B
Though a documentary, and one that exposes a horrifying ritual to likely ignorant Westerners, Lixin Fan’s Last Train Home has the shape of classic tragedy. The subject is the Chinese custom of letting its migrant workers return home to their families only once a year. At 130 million workers, it’s the planet’s largest human migration, and Fan's cameras visit the overflowing stations and clogged trains thrice. Out of the masses, Last Train Home focuses on the Zhangs, a couple who toil in a garment factory and send their money to remote Sichuan, hoping their two kids won’t face the same life of comfortable misery.
But Qin, their teenage daughter, sick of loneliness and studying, decides to quit school and follow her folks. Their already slim relationship is sorely tried, and pretty soon our subjects don’t mind throwing full-on smackdowns in front of their documentarians.
Filmed over three years, Last Train Home has been ably whittled down to an air-tight narrative. Every sentence spoken bolsters the theme of a family broken by a cruel national practice; every scene conveys their despair.
In fact, in this age of Exit Through the Gift Shop, I’m Still Here and Catfish, it’s often downright fishy. Fan films in the verité style of D.A. Pennebaker and Frederik Wiseman, but the film doesn’t always feel genuine—whole scenes consist entirely of bald exposition, as when Qin’s disappointing decision to drop out of school causes her mother to say, simply, that she’s disappointed in Qin’s decision to drop out of school.
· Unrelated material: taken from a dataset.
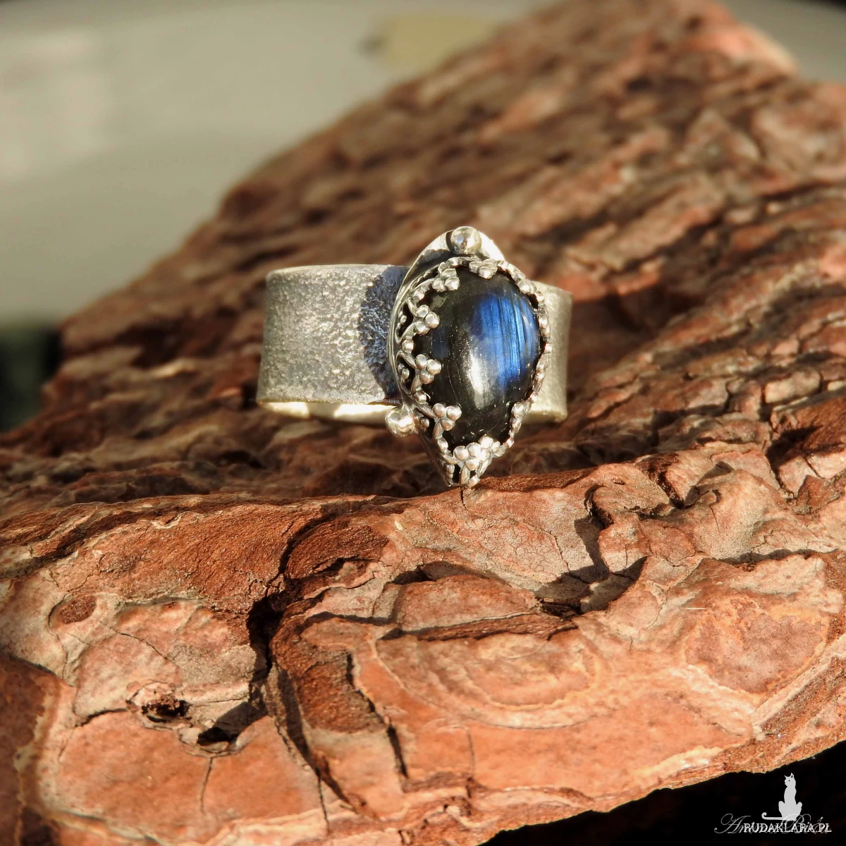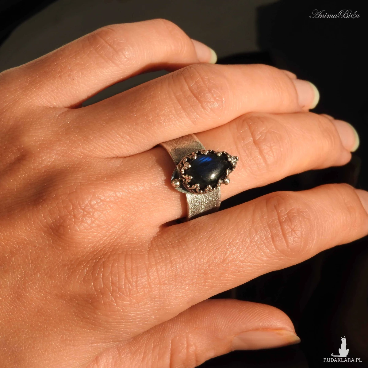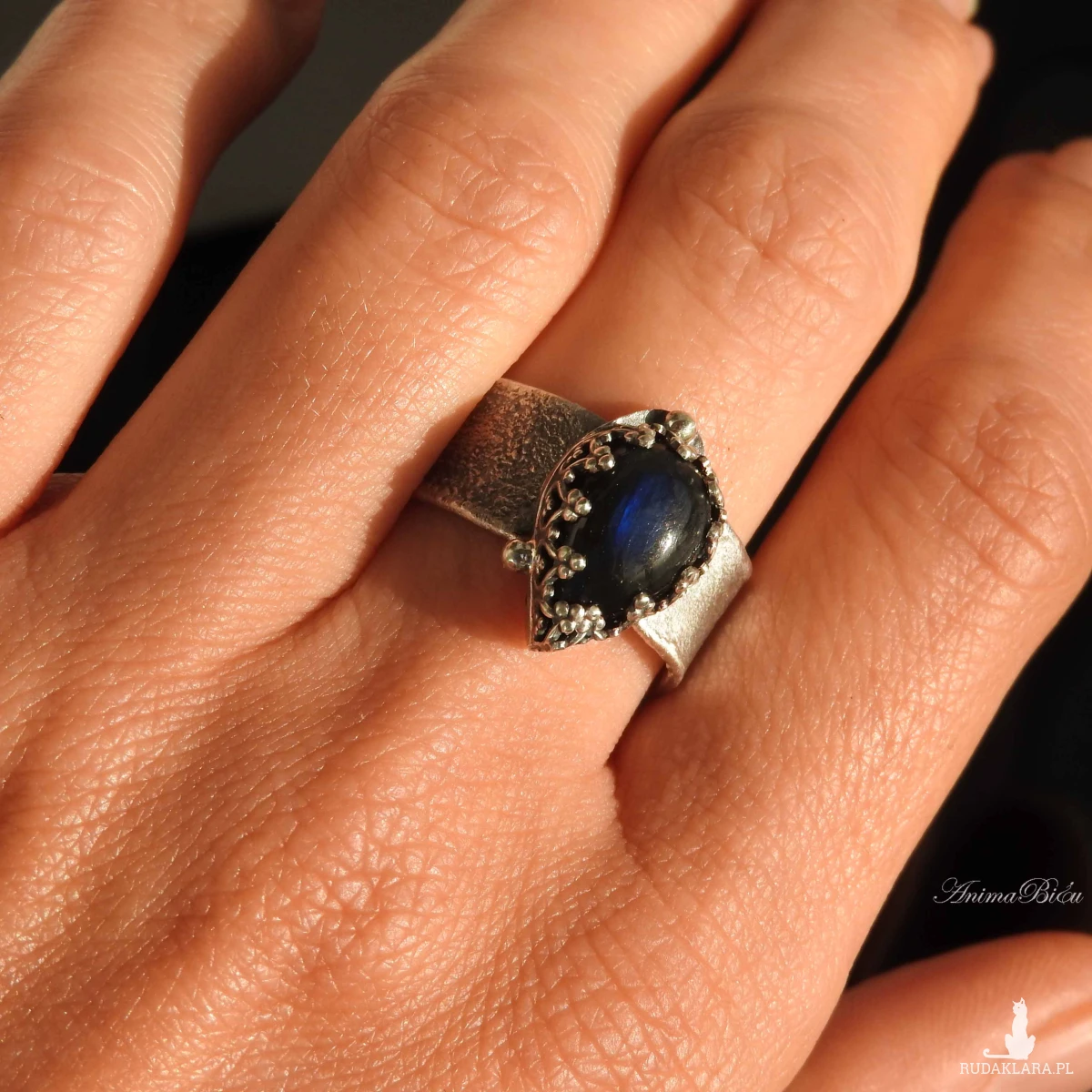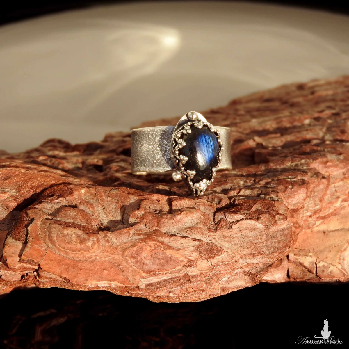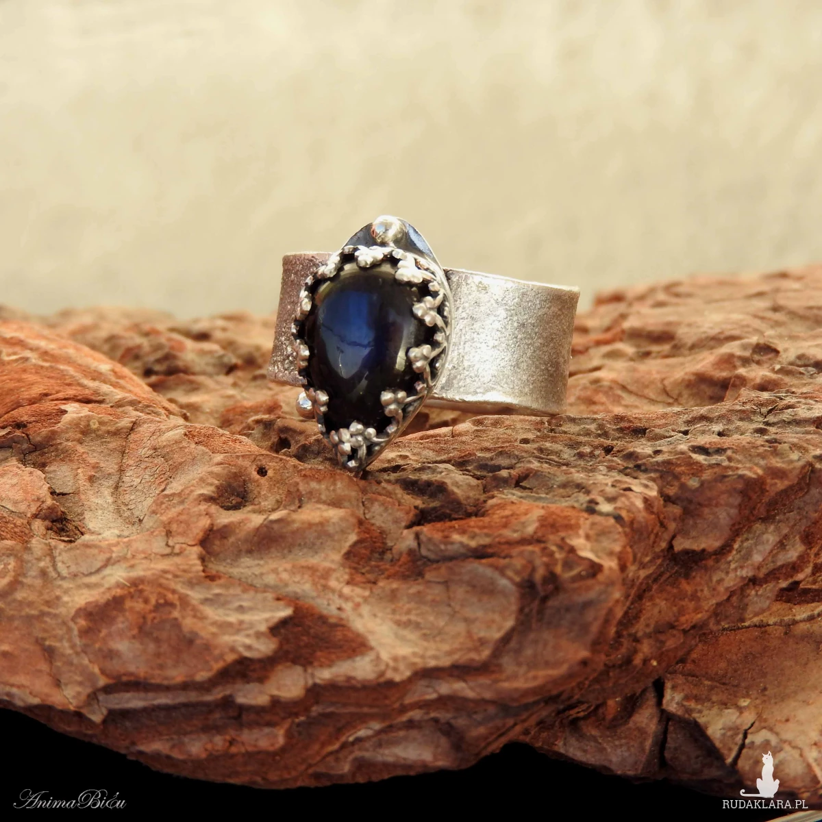 Obrączka srebrna z labradorytem. Tajemniczy, bardzo ciemny,

Others are blatantly staged, unless the Zhangs let Fan hang out with them as they chatted in bed.
That’s not to say what happened didn’t happen—just that Fan wasn’t above restaging certain scenes his cameras may have missed. But Last Train Home, suspiciously or not, is a stronger story than most manufactured stories. However inauthentic it sometimes may be, it’s true enough.